DATE: August 22, 2002
FROM: Jerry Falwell
Study Reveals Abortion Harms Women's Mental Health ... and the Media Yawns
Have you heard about the new study revealing that a significant number of women suffer mental anguish following an abortion?
Well, unless you subscribe to the American Journal of Orthopsychiatry, which published the report last month, or are a fervent researcher of the Internet, you probably haven't heard of this important study.
That's because our mainstream news media recurrently declines to broadcast studies that cast a skeptical shadow on abortion.

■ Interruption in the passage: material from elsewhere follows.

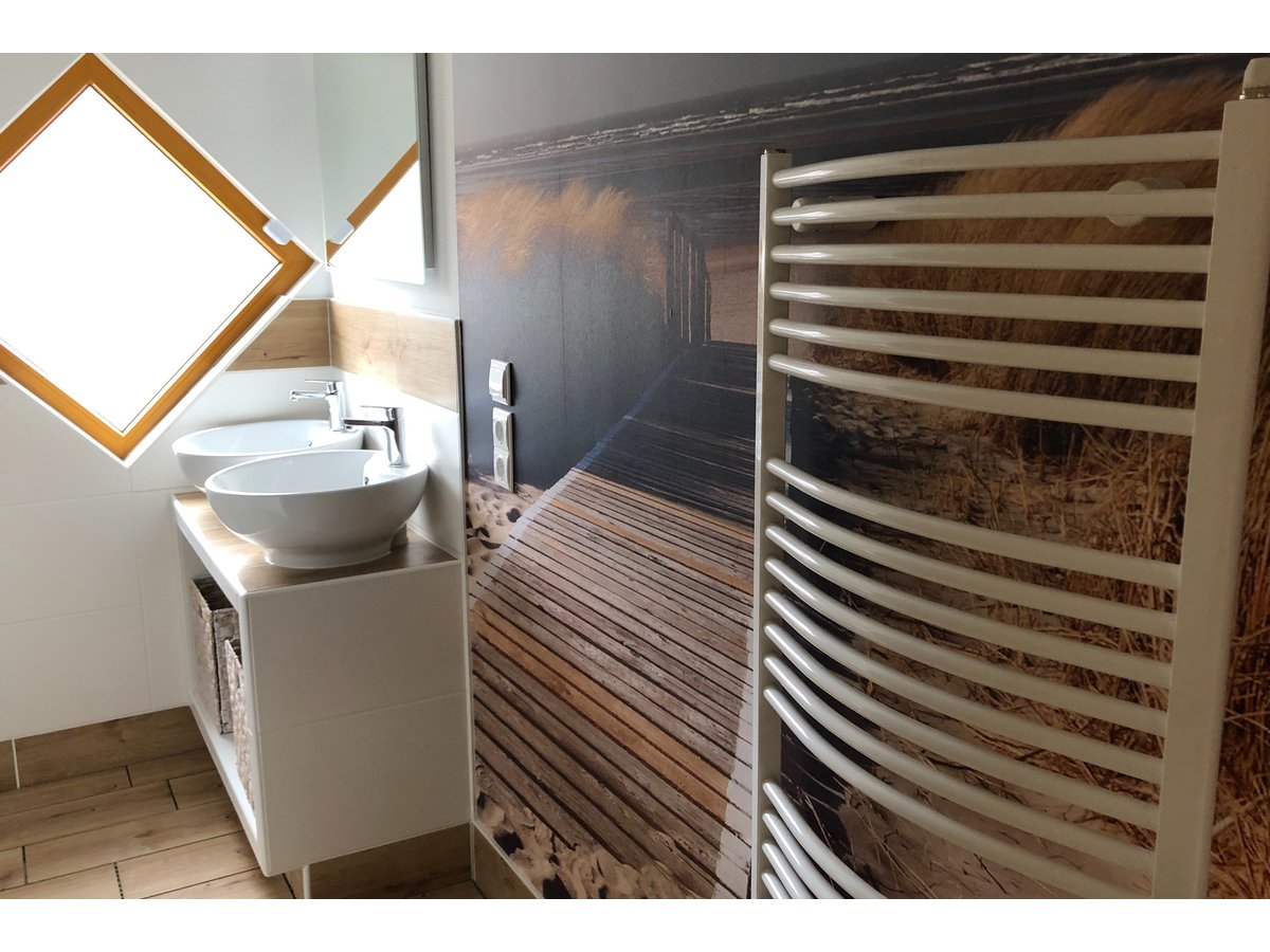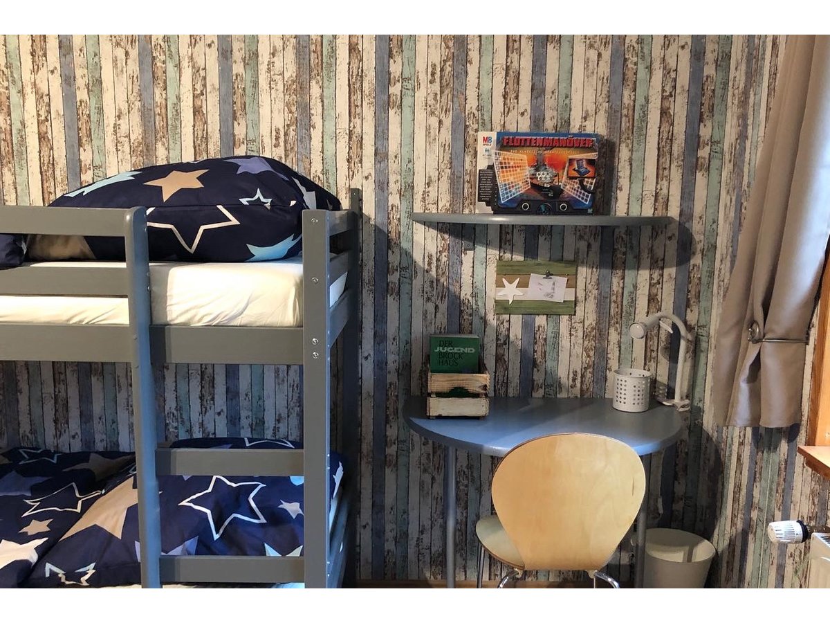 Unsere 3 Schlafräume sind ausgestattet mit einem Doppel-, einem Etagenbett mit ausziehbarem Schlafplatz, einem Einzelbett und einem ausziehbaren Schlafsofa im Wohnzimmer.

The reason? A woman's "right" to abortion must be protected at all costs.
In fact, the media has historically refused to report on a host of medical studies that have found a genuine link between abortion and breast cancer. Studies in the U.S., Japan, Denmark, Israel and several other nations have found this link between breast cancer and abortion, with one study showing that women who had one or two abortions before a full-term pregnancy actually doubled their cancer risk. (Despite an overabundance of scientific findings, the National Cancer Institute continues to maintain that there is no established connection between breast cancer and abortion.)
If the powerful networks and newspapers won't report on the considerable and notable breast cancer link to abortion, they are certainly not going to publicize this new study finding that women frequently experience mental distress following an abortion.
The authors of this new study examined 173,000 Medi-Cal records for low-income California women, and compared the rate of psychiatric outpatient treatments for women who had abortions to those who carried their pregnancies to term. (They excluded women who had undergone previous psychiatric care a year prior to their pregnancy result.)
What the researchers found was astonishing.
Women were 63 percent more likely to receive mental health care within 90 days of an abortion compared to women who carried their babies to full term. What's more, substantially higher rates of ensuing mental health treatment continued over the entire four years of the data examined. Women who had undergone abortions experienced subsequent treatments for neurotic depression, bipolar disorder, adjustment reactions and schizophrenic disorders.
Attention ABC, NBC, CBS, CNN, et al: This is a major finding!
Dr. David Reardon, one of the study's authors, is also the co-author (with Dr. Theresa Burke) of a new book titled, "Forbidden Grief: The Unspoken Pain of Abortion," which further documents how women are experiencing substantial mental dilemmas following abortion.